### What the exercise asks
The material below holds pictures; leave them out and reproduce exactly the lines from the one with "L’hiver est d’habitude" through the one with "高円寺スタジオ・コヤーマ周辺のカフェ一覧地図", inclusive.

### Recorded information
--------------------------------------------------
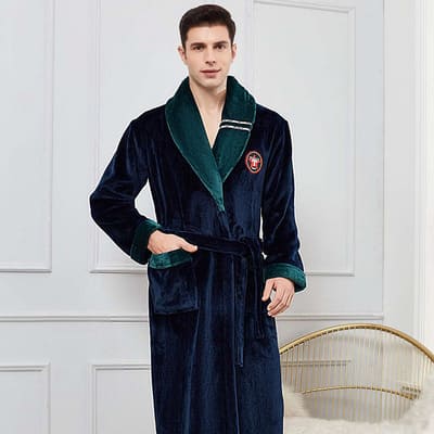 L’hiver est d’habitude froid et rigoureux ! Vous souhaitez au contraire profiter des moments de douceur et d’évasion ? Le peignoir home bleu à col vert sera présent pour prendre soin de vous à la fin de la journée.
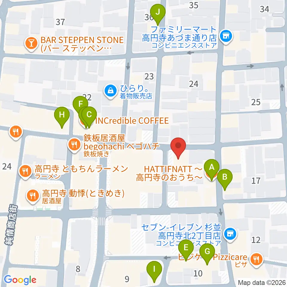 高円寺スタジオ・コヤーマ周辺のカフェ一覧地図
--------------------------------------------------
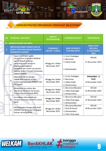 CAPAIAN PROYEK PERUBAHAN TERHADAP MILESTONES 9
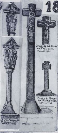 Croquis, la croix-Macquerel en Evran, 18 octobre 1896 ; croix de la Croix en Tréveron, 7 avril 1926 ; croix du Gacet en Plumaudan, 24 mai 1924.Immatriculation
--------------------------------------------------
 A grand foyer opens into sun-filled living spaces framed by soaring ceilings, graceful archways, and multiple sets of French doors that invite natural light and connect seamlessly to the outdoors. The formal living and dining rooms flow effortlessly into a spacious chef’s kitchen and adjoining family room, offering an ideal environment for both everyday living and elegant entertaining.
--------------------------------------------------
### Response area
 L’hiver est d’habitude froid et rigoureux ! Vous souhaitez au contraire profiter des moments de douceur et d’évasion ? Le peignoir home bleu à col vert sera présent pour prendre soin de vous à la fin de la journée.
 高円寺スタジオ・コヤーマ周辺のカフェ一覧地図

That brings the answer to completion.